## TASK INSTRUCTIONS
Go to the line holding "Correlation graphs of" in the data below and repeat it exactly, then each line after it up to and including the one holding "Силка - современное". Omit pictures.

## RECORDS FOR THIS EXERCISE
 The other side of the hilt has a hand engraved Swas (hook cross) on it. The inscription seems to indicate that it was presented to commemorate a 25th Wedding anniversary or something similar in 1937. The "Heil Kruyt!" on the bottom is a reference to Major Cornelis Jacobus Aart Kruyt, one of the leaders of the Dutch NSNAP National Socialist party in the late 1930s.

--

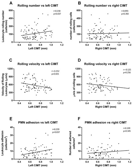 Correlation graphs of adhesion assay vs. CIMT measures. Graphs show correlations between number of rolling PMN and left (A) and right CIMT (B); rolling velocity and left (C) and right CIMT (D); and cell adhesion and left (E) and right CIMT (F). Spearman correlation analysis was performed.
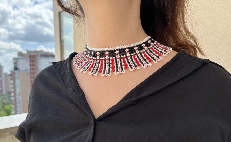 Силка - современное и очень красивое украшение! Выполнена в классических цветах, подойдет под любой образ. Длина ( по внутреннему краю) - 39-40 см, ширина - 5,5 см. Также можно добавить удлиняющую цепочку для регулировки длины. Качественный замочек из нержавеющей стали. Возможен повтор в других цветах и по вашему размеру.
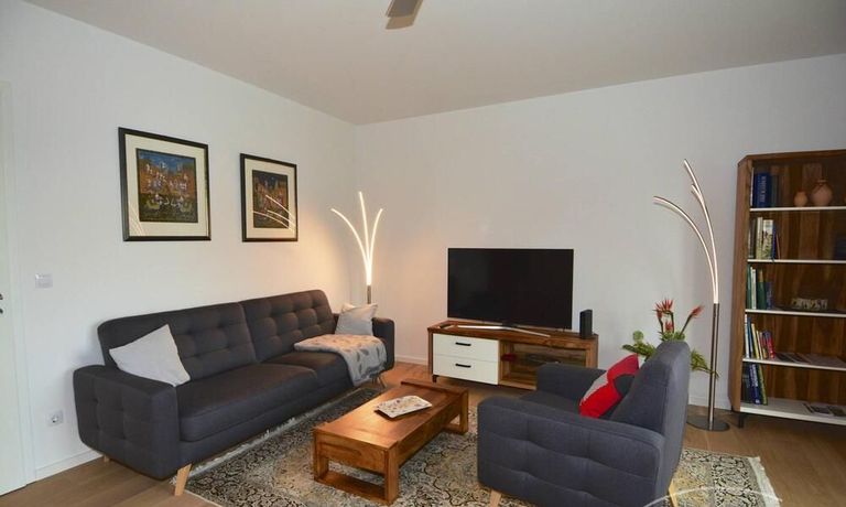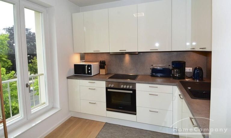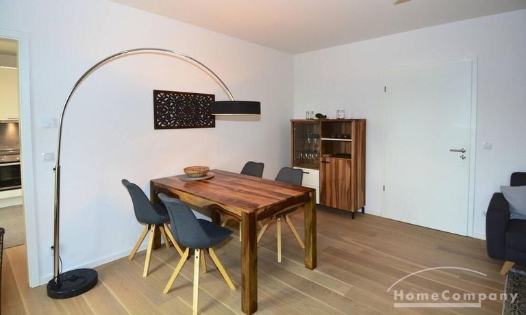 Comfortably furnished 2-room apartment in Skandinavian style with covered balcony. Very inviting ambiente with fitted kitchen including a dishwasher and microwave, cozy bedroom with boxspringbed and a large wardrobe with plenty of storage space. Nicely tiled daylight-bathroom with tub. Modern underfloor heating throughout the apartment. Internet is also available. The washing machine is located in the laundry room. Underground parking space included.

## TASK RESULT
 Correlation graphs of adhesion assay vs. CIMT measures. Graphs show correlations between number of rolling PMN and left (A) and right CIMT (B); rolling velocity and left (C) and right CIMT (D); and cell adhesion and left (E) and right CIMT (F). Spearman correlation analysis was performed.
 Силка - современное и очень красивое украшение! Выполнена в классических цветах, подойдет под любой образ. Длина ( по внутреннему краю) - 39-40 см, ширина - 5,5 см. Также можно добавить удлиняющую цепочку для регулировки длины. Качественный замочек из нержавеющей стали. Возможен повтор в других цветах и по вашему размеру.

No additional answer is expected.